Problem areas of a parallel copying collector typically include work balancing, contention and fragmentation. Work balancing is a problem associated with ensuring parallel threads have sufficient work to maximally utilize respective processing resources. For example, in a parallel system with four threads to maintain optimal performance all four threads are required to perform the same amount of work. When one thread performs most of the work and the other three threads are idle, no benefit is obtained from parallelism.
In typical parallel copying collectors, each collector thread ends up wasting a certain amount of space in each destination region causing fragmentation. The fragmentation occurs because each thread allocates a block of memory in anticipation of copying into the block of memory. On average, half of the last block allocated is wasted. Additionally, small portions of intermediate blocks may be wasted when there is insufficient remaining space to copy a single object, but this type of wastage is typically minimal.

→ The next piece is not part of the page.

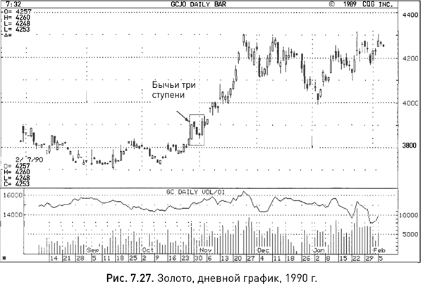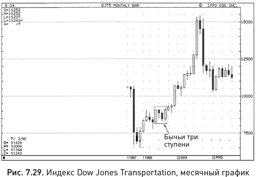 Хотя в идеале в бычьи три ступени должны входить три свечи с короткими телами, на рисунке 7.29 вы найдете вариант этой модели, в котором присутствуют только две таких свечи. Движение цен в июне 1988 г. сформировало свечу с длинным белым телом, затем в июле и августе возникли маленькие свечи, лежащие в границах ее диапазона, а в сентябре образовалась еще одна белая свеча. В процессе ее образовании рынок достигал локального максимума, однако в итоге цене закрытия не хватило трех тиков, чтобы подняться выше верхней границы тела первой белой свечи. Конечно, хорошо было бы увидеть закрытие на более высокой отметке, но и сложившуюся комбинацию свечей можно рассматривать как бычьи три ступени, если его подтвердит свеча, идущая следом. В данном случае таким подтверждением послужило то, что рынок закрылся в октябре на более высокой отметке.

A typical approach to reducing fragmentation due to wastage in the last block allocates smaller copy blocks. However decreasing the size of the allocated blocks has an undesirable effect of increasing contention, because threads must return to the common free pool more often to replenish copy blocks. Kolodner and Petrank (E K Kolodner and E Petrank (IBM), “Parallel Copying Garbage Collection using Delayed Allocation”, Parallel Processing Letters, 2004) present a solution to fragmentation, called delayed allocation. However the proposed solution has not been widely used or confirmed in practice, and may lead to an increase in copy conflicts and contention. As the number of generations increases the fragmentation problem also increases. A typical generational garbage collector has two, or at most three, generations.

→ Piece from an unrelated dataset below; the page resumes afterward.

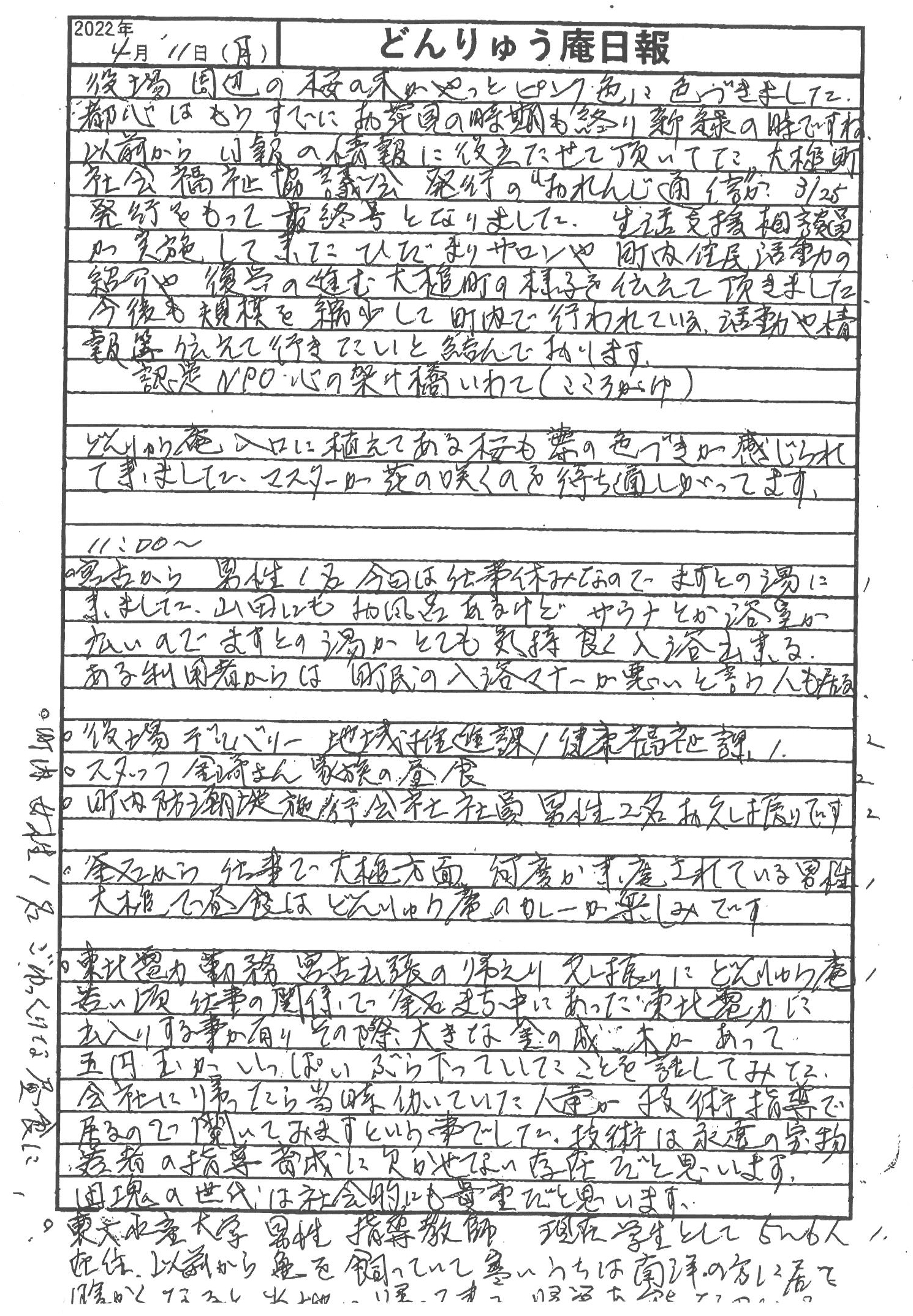 大槌町社会福祉協議会発行の「おれんじ通信-生活指導員だより」が3月をもって最終号となりました。この話題やコミュニティハウス「どんりゅう庵」のお客様などについて、震災機構のお嬢こと佐藤悦子理事長代理(岩手県大槌町在住)の現地報告です)

Contention is another form of problem of ensuring that interactions between parallel threads are minimized, particularly on shared resources. Common sources of contention typically include threads competing to allocate copy blocks from a shared free memory resource, and threads competing to take scanning work from a shared resource. Well-known solutions for reducing contention during allocation of copy blocks allocate larger copy blocks or allocate multiple copy blocks at once. These solutions typically have the undesirable side effect of increasing fragmentation. Contention for scanning work can be reduced with techniques including lock splitting and work stealing. In contrast, a general approach to reducing fragmentation in the literature is to reduce copy-block sizes. The proposed solution is typically not an effective solution especially as the degree of parallelism increases, because it increases contention.
For example, using another proposed solution, objects to be copied are collected together to form a group. The copy operation then copies the group of objects. In another proposed solution, a garbage collector orders object but does not address fragmentation or contention. In yet another proposed solution heap allocation is used to prevent fragmentation and increase load distribution effectiveness during garbage collection using multiple allocation chunks in each thread and segregating objects by size. The proposed solution however may typically reduce object locality and increase fragmentation as generations increase. Therefore there is a need to provide more effective solution addressing requirements of fragmentation and contention in a copying type of garbage collector.